The Hungry Cabbie: The Eating Adventures of a NYC Yellow Cabbie » My 28th Year Of Life And My 14th Year Of Cannoli said,
November 21, 2006 at 10:26 pm
[...] Yesterday was my 28th birthday. Sometime around my 14th birthday, I went to visit my brother at Amherst College, and went out to eat at an Italian restaurant called Carmelina’s. There, for the first time in my young life, I discovered what cannoli was. Josh and his roommates ordered them, and I watched as the waiter squeezed fresh ricotta from the tube into the waiting shell. I had one bite and I LOVED it.
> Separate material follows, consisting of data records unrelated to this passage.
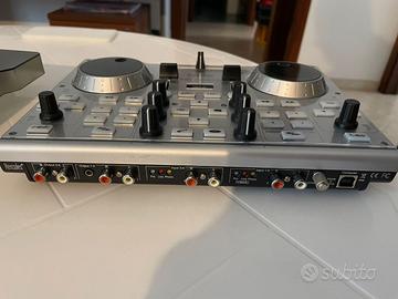 CONSOLE PER DJ HERCULES DJ Console MK4 con Scheda audio integrata. Controller a doppio banco per il mixaggio di tracce audio digitali. Puoi mixare 2 tracce musicali utilizzando i controlli di DJ Console Mk4. Ottime condizioni con cavo collegamento PC. Non si accetta restituzione. Caratteristiche principali Audio integrato Uscita mix (canali 1-2): 2 RCA per hi-fi e mixer 1 jack stereo da 1/8" (3,5mm) per altoparlanti multimediali Uscita preview (canali 3-4): Jack da 1/4" (6,35mm) per cuffie 2 RCA per altoparlanti Ingresso microfono: 1 Presa jack da 1/4" con manopola del volume per parlare sopra la musica 2 Ingressi stereo: 2 x 2 ingressi RCA, per mixare anche sorgenti audio esterne Ingressi compatibili con: Phono (giradischi) Linea consumer (-10dBv) (per lettori MP3, ecc.) Linea pro (+4dBu) (per apparecchiature da studio e lettori CD) Linea boosted (+8dBu) (per lettori CDJ Pioneer) Dimensioni: 26,67cm x 18,54cm x 13,97cm Peso: 2,56 lb / 1,15kg Cover da trasporto Software per mix Dj VirtualDJ DJC Edition Compatibile con Windows e Mac OS Non si accetta restituzione.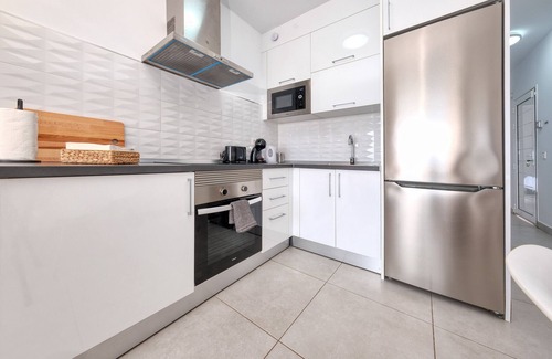 Nouvel appartement dans un complexe moderne et luxueux à Costa Teguise. Il comprend une chambre avec un lit double et un canapé-lit dans le salon. Salle de bain avec douche, lave-linge et sèche-cheveux. Cuisine entièrement équipée avec plaque de cuisson, four micro-ondes, grille-pain, cafetière à capsules, bouilloire et réfrigérateur. Wifi avec fibre, idéal pour le télétravail. Smart TV avec Netflix. Machine à laver, planche et fer à repasser.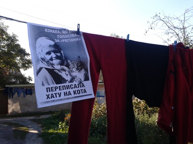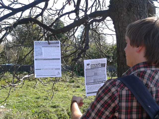 Перша поїздка відбулась у суботу, 29 вересня. Активісти “Помсти за розкол країни” поширили у виборчому окрузі № 66 на Житомирщині листівки з інформацією, чому не можна голосувати за Віталія Журавського, який є автором сумнозвісного закону про наклеп і балотується там від Партії регіонів.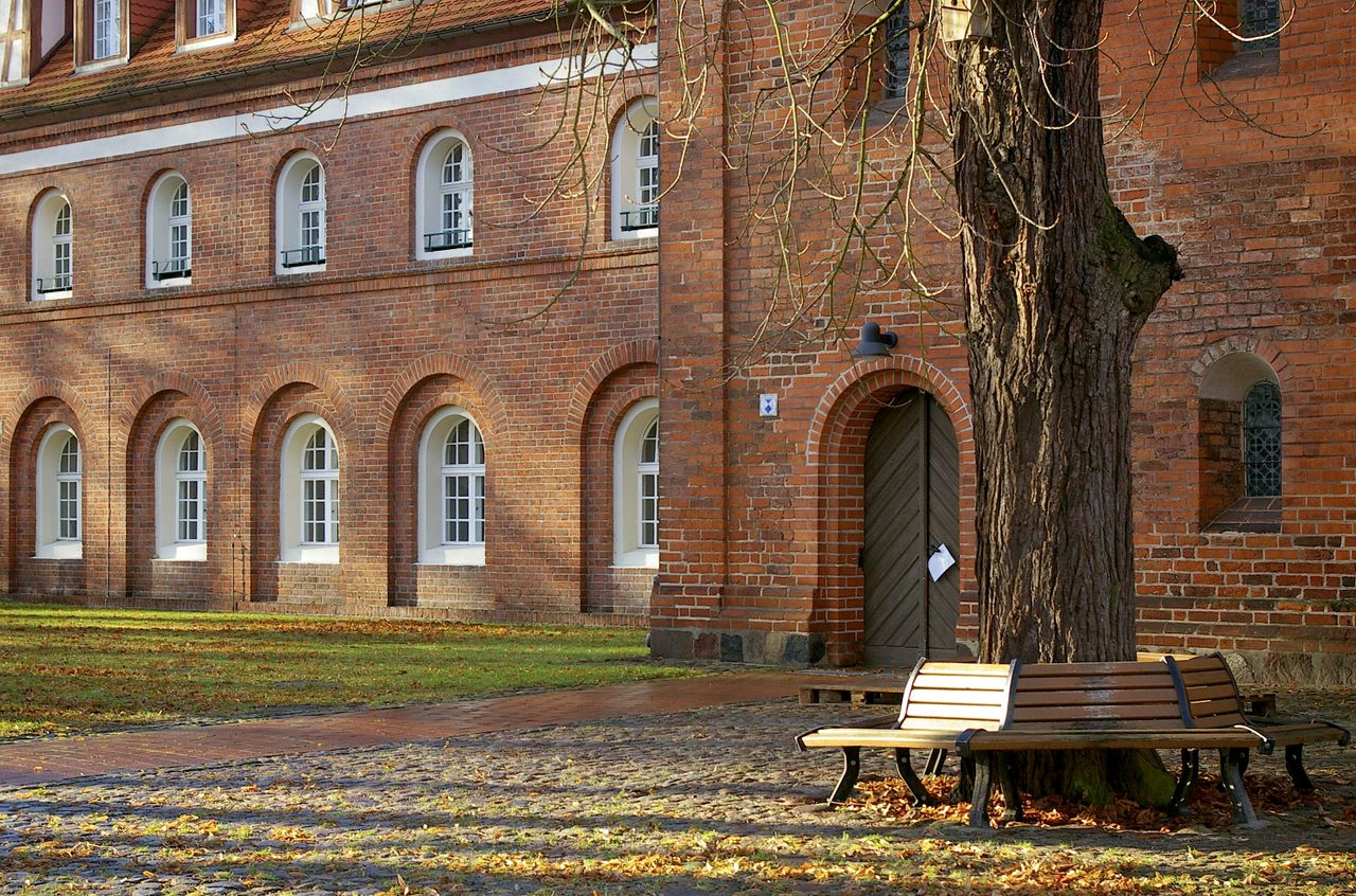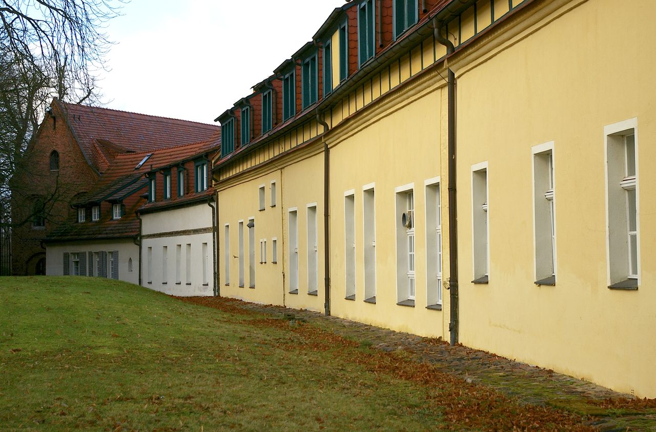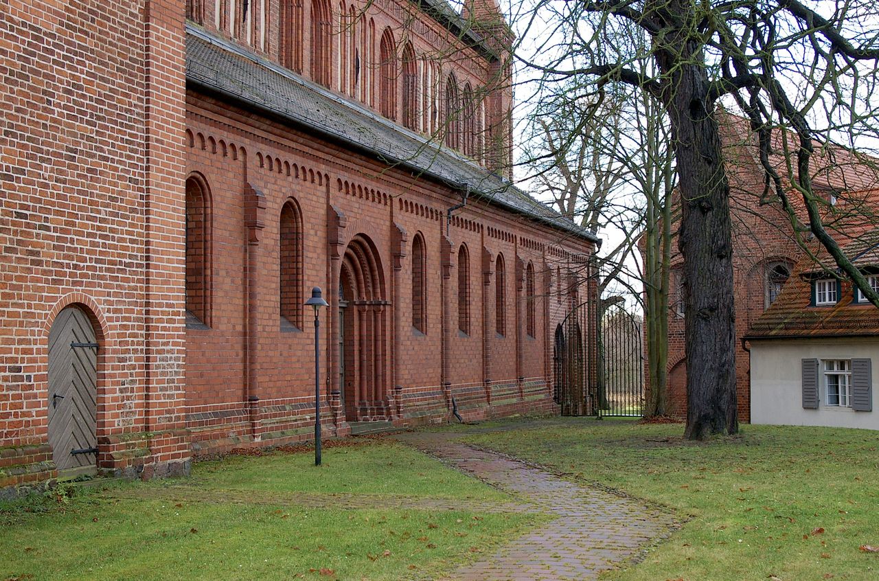 Die Klosterkirche ist ein hervorragendes Beispiel früher norddeutscher Backsteinarchitektur. An den in romanischen Bauformen errichteten Ostteil mit Chor, Chorhaus und einem Langhausjoch schließt sich der Westteil im Stil der Frühgotik an. 1183 wurde mit dem Bau der Kirche und der Klosteranlage begonnen, der im wesentlichen bis 1260 zum Abschluss kam. Die Kirche ist als eine kreuzförmige Pfeilerbasilika gebaut und besticht durch ihre typisch zisterziensische Schlichtheit. Die Westfassade ist in ihrer repräsentativen Anlage bestimmend für die Backsteinfassaden des Ordens über die Grenzen der Mark hinaus. Weitere historische Gebäude auf dem Gelände sind: - das ehemalige Hospital aus dem 13. Jahrhundert mit repräsentativem gotischem Deckengewölbe und einzigartiger Holzbalken-Zwischendecke; - das Falkonierhaus, das nach der Klosterauflösung den königlichen Jagdgesellschaften als Gästehaus diente; - das Pfarrhaus, das 1845 im neugotischen Stil von Ludwig Persius errichtet wurde; - ein alter Kornspeicher aus dem 14. Jahrhundert; - einige Wirtschaftgebäude; - das Abtshaus, das mit seiner romantischen Atmosphäre heute als Gästehaus genutzt wird; - das barocke Amtshaus von 1696, in dem sich heute das Museum, ein Café und der Klosterladen befinden. Heute wird das gesamte Gelände durch das Evangelische Diakonissenhaus Berlin Teltow Lehnin bewirtschaftet. So entstanden um die historische Anlage herum Neubauten u.a. für ein Krankenhaus und ein Altersheim. Die gesamte Anlage ist sehr weitläufig mit vielen unterschiedlichen Gärten und präsentiert sich nach dem klösterlichen Ideal einer irdischen Gottesstadt.

But I didn’t really start eating cannoli seriously until a couple years later at the Giaquinta household of Potomac, Maryland. [...]
Madeline said,
January 6, 2007 at 6:45 pm
hey dave-
check out the magic cupcakes at duane park patisseriein tribeca
The Hungry Cabbie: The Eating Adventures of a NYC Yellow Cabbie » The 10 Questions (To Be Read By The Youngest Person At The Computer) said,
February 14, 2007 at 11:27 am
[...] 10. I refuse to eat cannoli unless the filling is hand-piped into the shell. Is this going to be a problem on the tour? [...]
yoshi said,
April 10, 2007 at 1:04 am
hey dave, love your reviews, melissa is hot!!! more pictures of her eating.
james iglehart said,
July 9, 2007 at 5:45 pm
Dave,
Thank you so much for your blog. I’m 32 and had my first Canoli last year in Boston. I’m an actor from California but now in NYC (on Broadway now Yeah in the 25 Annual Putnam County Spelling Bee) and when I came here I was in search of a great canoli. I found a couple but none were hand piped and they were not very good but I did find a decent one in Food Emporium on the 49th on the corner of 8ave. But thanks to you my search goes on to all the places you have mentioned throughout your blog. My first place is Rocco’s. But I do have a question what do you think of Michaels Bakery in Brooklyn? I was planning a trip there today because it’s down the street from my place. Thanks again.
giaquinta, anthony said,
September 9, 2007 at 5:23 am
i think using the computer is for fags, but i am bored. your story is funny, but not accurate. i think you are on the right track. dad is the old time gangster, i am the rough around the edge one. of course i am involved with unions, but in a little more rougher, cut throat way, i have the smarts not be like fredo (catherine), im gangster ( ha, ha,ha,ha) and thugish, the best of both worlds, ways pop does not want to hear about. hit me up, my wife is pregnant and pretty wore out. i can tell you some interesting stories…… stay slim, and do not allow those rednecks from wyoming or arkansas boss you around in your cabbie!!!!!1 be good. always, anthony G.(jr?)
D.Doria said,
July 8, 2008 at 3:50 am
Don’t know if you ever make it out onto the Island, but the best cannoli I’ve ever had in New York—and we’re talking Brooklyn, Manhattan, the Bronx, whatever—is from the Alpine Pastry Shop in Smithtown. Seriously. All hand-piped to order, and the shells are glorious, delicate things. Who knew you could find such things so far out on Long Island?